A 290 g block is dropped onto a relaxed vertical spring that has a spring constant of k = 2.6 N/cm. The block becomes attached to the spring and compresses the spring 10 cm before momentarily stopping.

(a) While the spring is being compressed, what work is done on the block by the gravitational force on it? J

(b) What work is done on the block by the spring force while the spring is being compressed? J

(c) What is the speed of the block just before it hits the spring? (Assume that friction is negligible.) m/s

(d) If the speed at impact is doubled, what is the maximum compression of the spring? m

bobpursley, if your not gonna answer the question then don't worry about commenting; this site is not made for you to get on and tell someone its "straightforward"; we come here for help not to be told off. i was hoping to have some help on a similar problem.

thanks

To solve this problem, we will need to use the concepts of work, energy, and Hooke's law. Let's go through each part, step by step:

(a) To find the work done by the gravitational force on the block while the spring is being compressed, we need to determine the change in gravitational potential energy. The formula for gravitational potential energy is given by U = mgh, where U is the gravitational potential energy, m is the mass, g is the acceleration due to gravity, and h is the height.

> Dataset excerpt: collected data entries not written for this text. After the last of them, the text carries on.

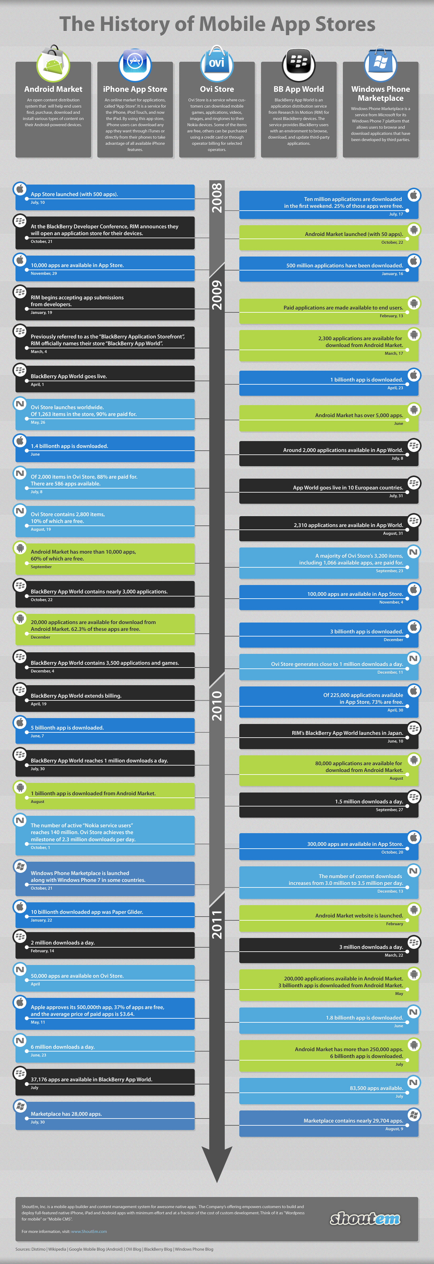 App stores目前是发布应用的第一大渠道,一些app商店表现比其他app商店好。下面这张信息视图展示了五大app商店的历史和演化- Android Market, iPhone App Store, Ovi Store, BB App World和Windows Phone Marketplace。
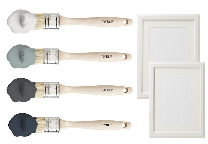 Eller gjør det enkelt og bruk i stedet en billedramme (uten glass og bakbekledning). Mal øverste del av veggen i en farge og nederste del samt listene i en annen farge.
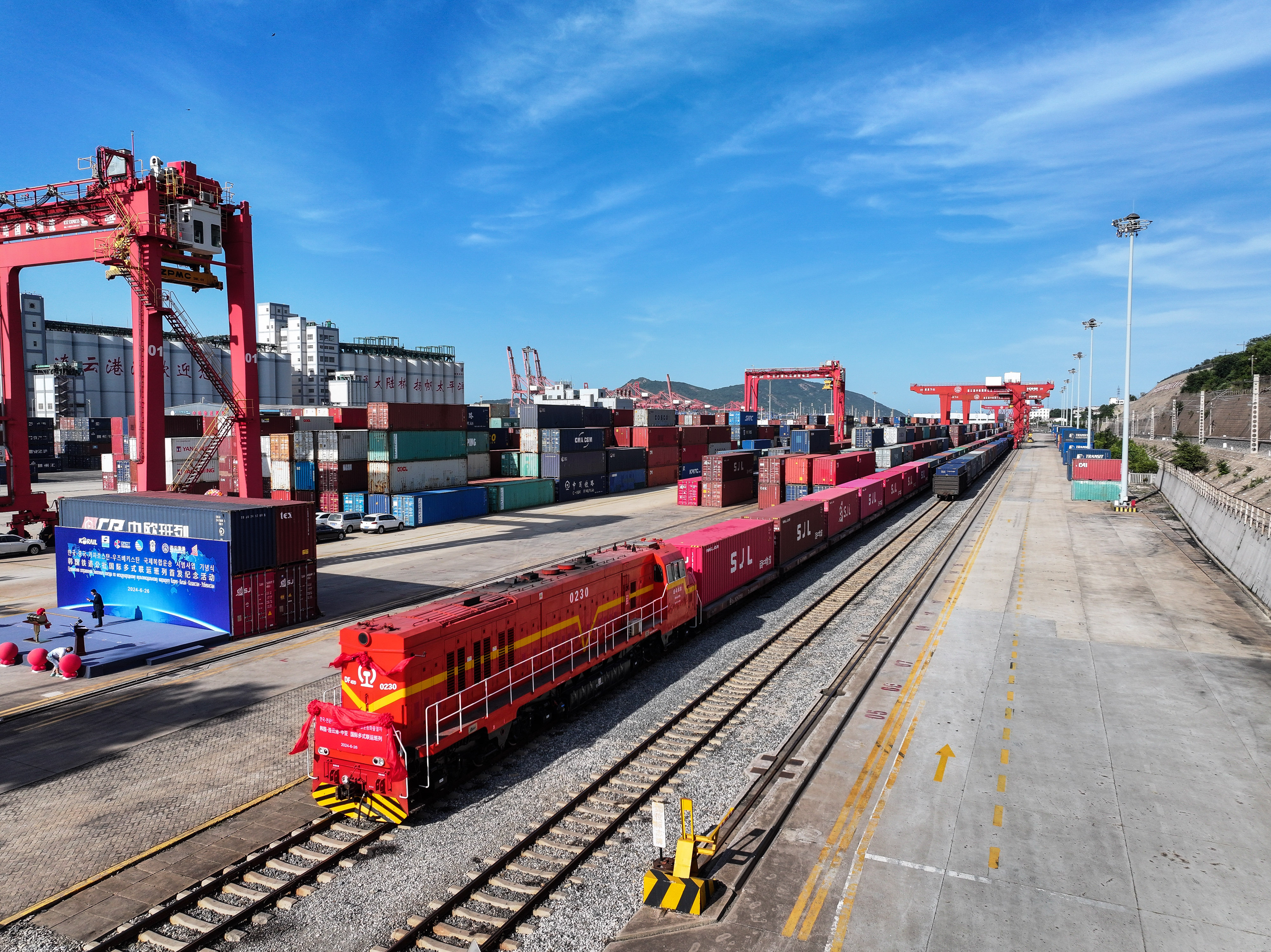 2024年6月26日,在中哈连云港物流合作基地,“韩国-连云港-中亚”国际多式联运班列静待开行(无人机照片)。
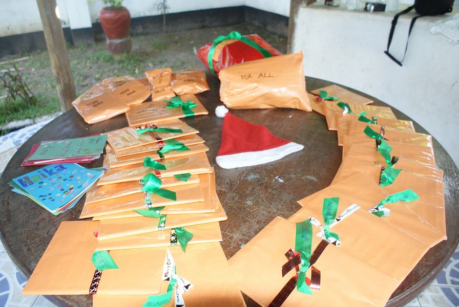 In the late afternoon when the tables were set, the kids showered and dressed up in their Sunday clothes, we started our little celebration. Together with our former volunteer Jenna each child had made a little book about themselves, which they now presented to all of us. Suddenly they were shy and so quiet it made us smile. Proudly they took their little presents, schoolbooks Monika had bought for them from another donation. Thank you!
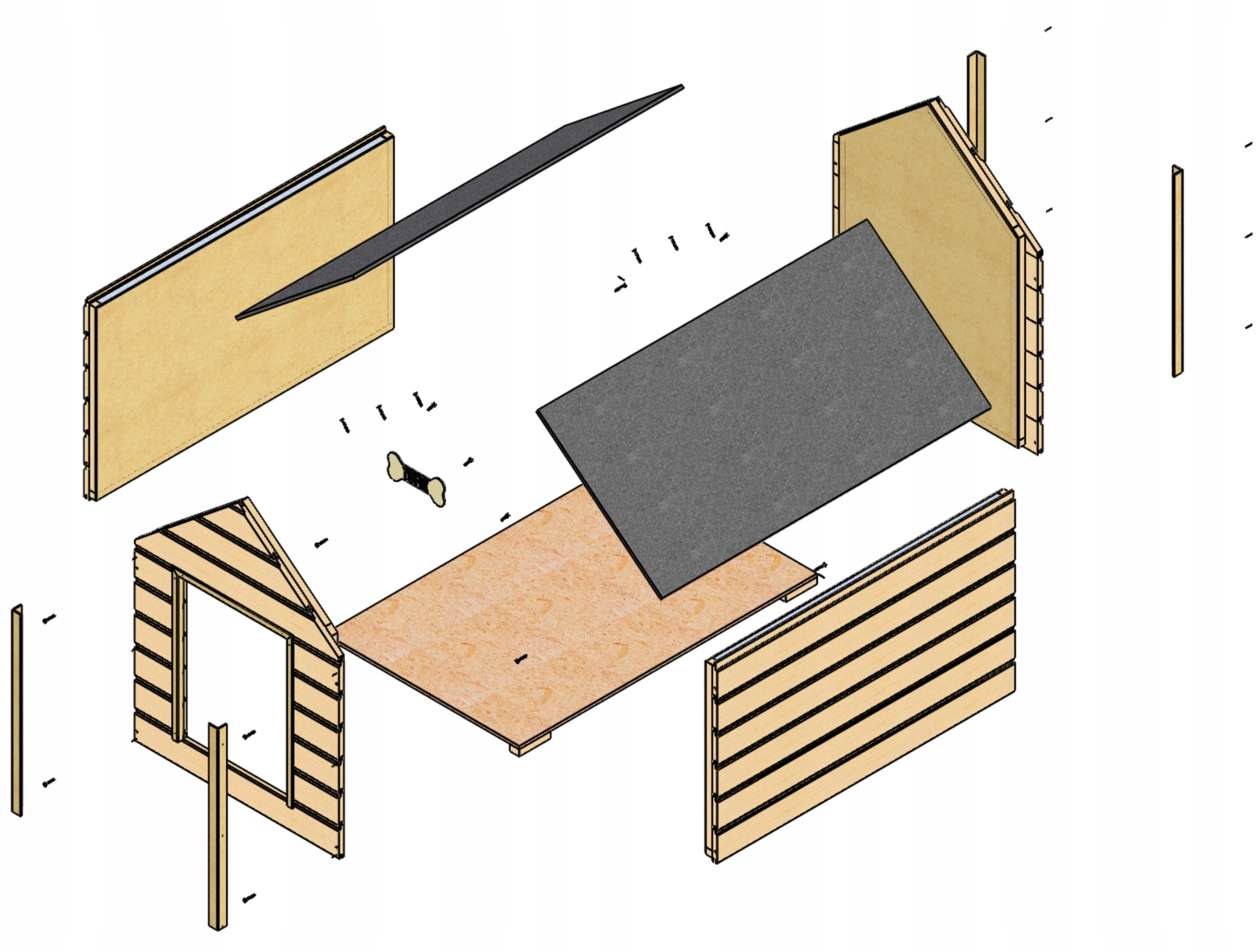 Budę składa się w bardzo prosty sposób, większość elementów jest już gotowa, jako prefabrykat, wystarczy je ze sobą skręcić. Wszelkie niezbędne akcesoria są już w zestawie (wkręty, gwoździe)
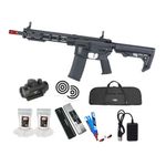 Visando oferecer uma experiência completa desde o primeiro uso, esta versão já acompanha bateria LiPo 11.1V 1100 mAh e carregador USB, permitindo extrair o máximo desempenho do sistema eletrônico e da cadência de disparos logo ao sair da caixa.
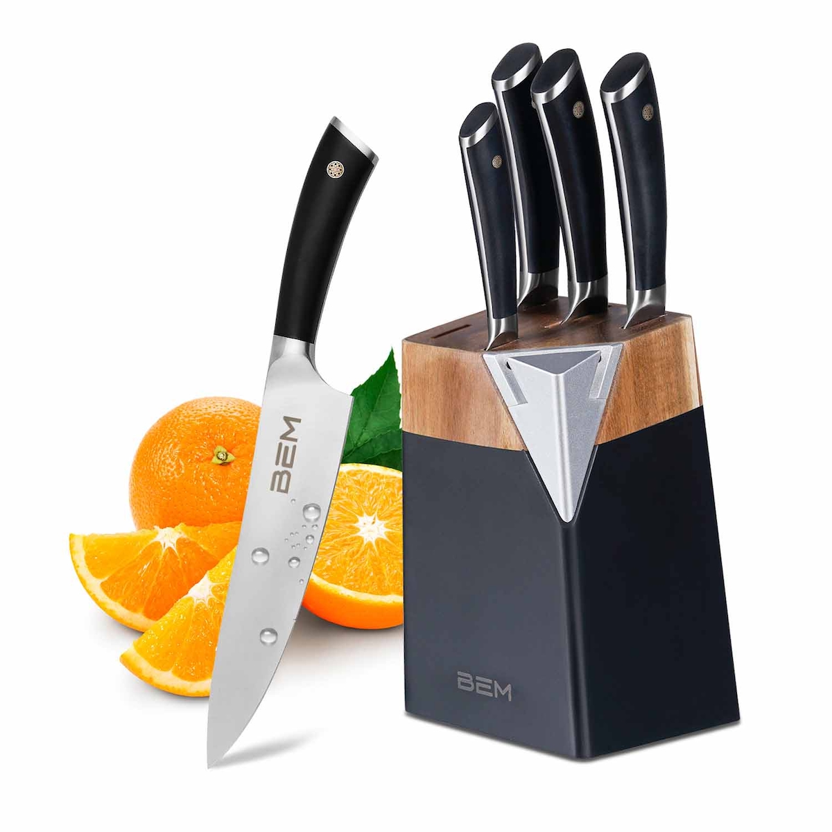 BEM Master Chef 6-tlg. Messerset Küchenmesser Set mit Messerblock inkl. Kochmesser, Gemüsemesser, Brotmesser; Messerblock mit Messer und Schärfer
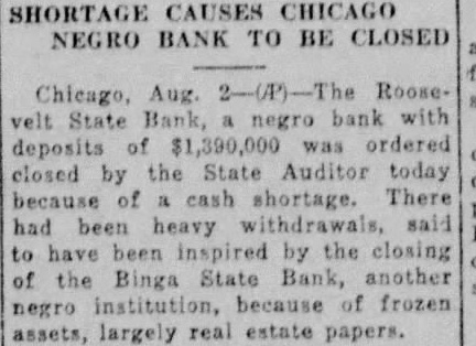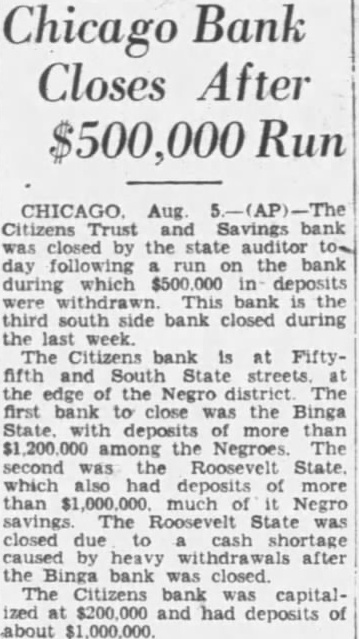 Third Chicago Bank Closed Out by Run Associated Press) CHICAGO, citizens Trust and Savings bank closed the state auditor today following on the bank during which $500,000 deposits were withdrawn. This bank the third South bank closed during the last week. The Citizens bank located and South State, the edge the negro district. The first bank was the Binga State, with posits more than among The second the Roosevelt State, which also more than much negro savings.
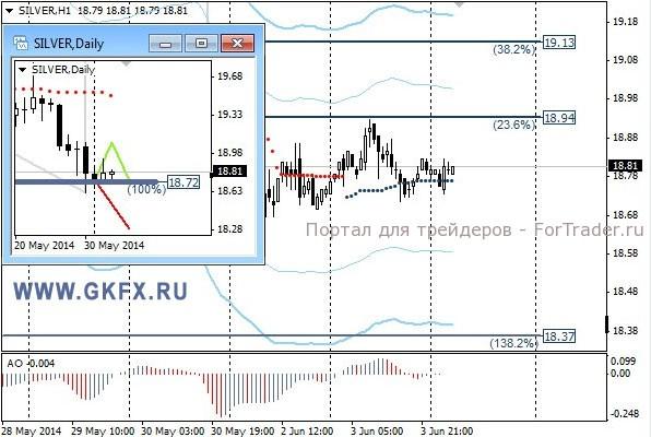 Цены на серебро зажимаются в треугольник, и возможен выстрел в ближайшее время. На этот случай даю рекомендацию на продажу в соответствии с ожиданиями. Традиционно делаю два варианта движения цены на неделю, основной красный и альтернативный зеленый. Значимые уровни на сегодня отмечены на часовом графике. Индикатор АО находится у нуля, указывая на неопределенность. Индикатор тренда указывает на рост. Преодоление 18,65 позволит войти в продажи с целями 18,40 и 18,10.
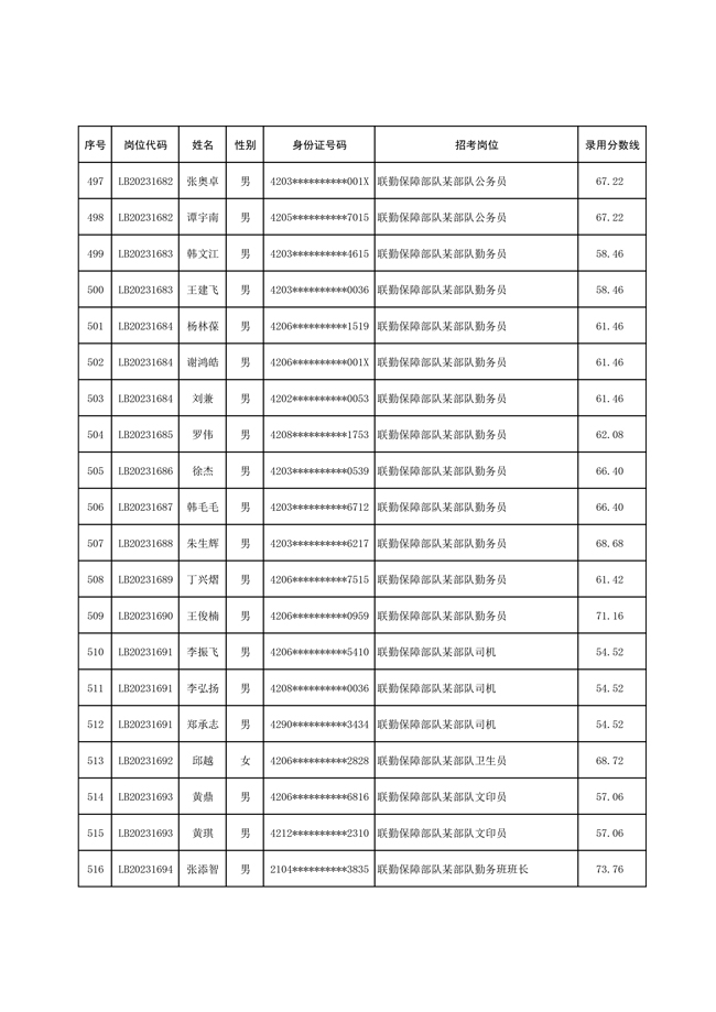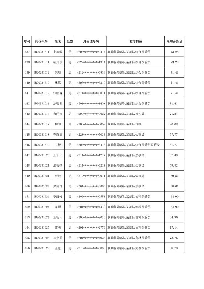 2025年武裝部文職人員擬錄用名單(含上岸分數(shù)線) 2025-10-09

In this case, the height h is the distance the block falls before it compresses the spring. Since the block initially falls freely, we can use the formula h = 1/2gt^2, where t is the time it takes for the block to reach the spring. We can find t using the equation v = gt, where v is the velocity just before the block reaches the spring. Rearranging the equation, we get t = v/g.

Now, substituting the equation for h and the expression for t into the formula for potential energy, we have U = mg(1/2gt^2). Since we want the work done by the gravitational force, we need to find the change in potential energy, which is U_final - U_initial.

The initial potential energy U_initial = mgh_initial since the block starts at rest, and the final potential energy U_final is zero since the block momentarily stops. Therefore, the work done on the block by the gravitational force is given by:

Work_gravity = U_final - U_initial
= 0 - mgh_initial.

Substituting the given values, Work_gravity = 0 - 290 g (9.8 m/s^2) (h_initial).

(b) The work done on the block by the spring force while it is being compressed can be calculated using the formula for the elastic potential energy of the spring, U_elastic = (1/2) k x^2, where U_elastic is the elastic potential energy, k is the spring constant, and x is the displacement (compression) of the spring.

The work done by the spring force is equal to the negative change in elastic potential energy, as the spring force does negative work when it is being compressed. Therefore, the work done on the block by the spring force is given by:

Work_spring = - (U_elastic_final - U_elastic_initial),
= - [(1/2) k x_final^2 - (1/2) k x_initial^2],
= - (1/2) k (x_final^2 - x_initial^2).

Given that x_initial = 0 cm (since the spring is relaxed initially) and x_final = -10 cm (spring is compressed), we can substitute these values to find the work done by the spring force.

(c) To find the speed of the block just before it hits the spring, we can use the principle of conservation of mechanical energy. The initial mechanical energy (kinetic energy + potential energy) is equal to the final mechanical energy.

Initially, the block has potential energy due to its height, which is given by mgh_initial. When it hits the spring, all this potential energy is converted to kinetic energy, given by (1/2)mv^2, where m is the mass of the block and v is its velocity.

Therefore, we can equate the initial potential energy to the final kinetic energy:

mgh_initial = (1/2)mv^2.

Simplifying and solving for v, we get:

v = sqrt(2gh_initial).

Substituting the given values, we can calculate the speed of the block just before it hits the spring.

(d) If the speed at impact is doubled, we need to find the maximum compression of the spring. To determine this, we'll use the principle of conservation of mechanical energy.

Initially, the block has kinetic energy, given by (1/2)mv^2. When the block hits the spring and comes to a momentary stop, all its kinetic energy is converted to elastic potential energy stored in the compressed spring, given by (1/2)kx^2, where x is the maximum compression.

Therefore, we can equate the initial kinetic energy to the maximum elastic potential energy:

(1/2)mv^2 = (1/2)kx^2.

Simplifying and solving for x, we get:

x = sqrt((mv^2) / k).

Since we're doubling the speed, the new speed is 2v. Substituting this value into the equation, we can find the maximum compression of the spring.

Remember to convert units as needed (e.g., grams to kilograms, cm to meters) to ensure consistent units throughout the calculations.

What is your question here? The problem is rather straightforward.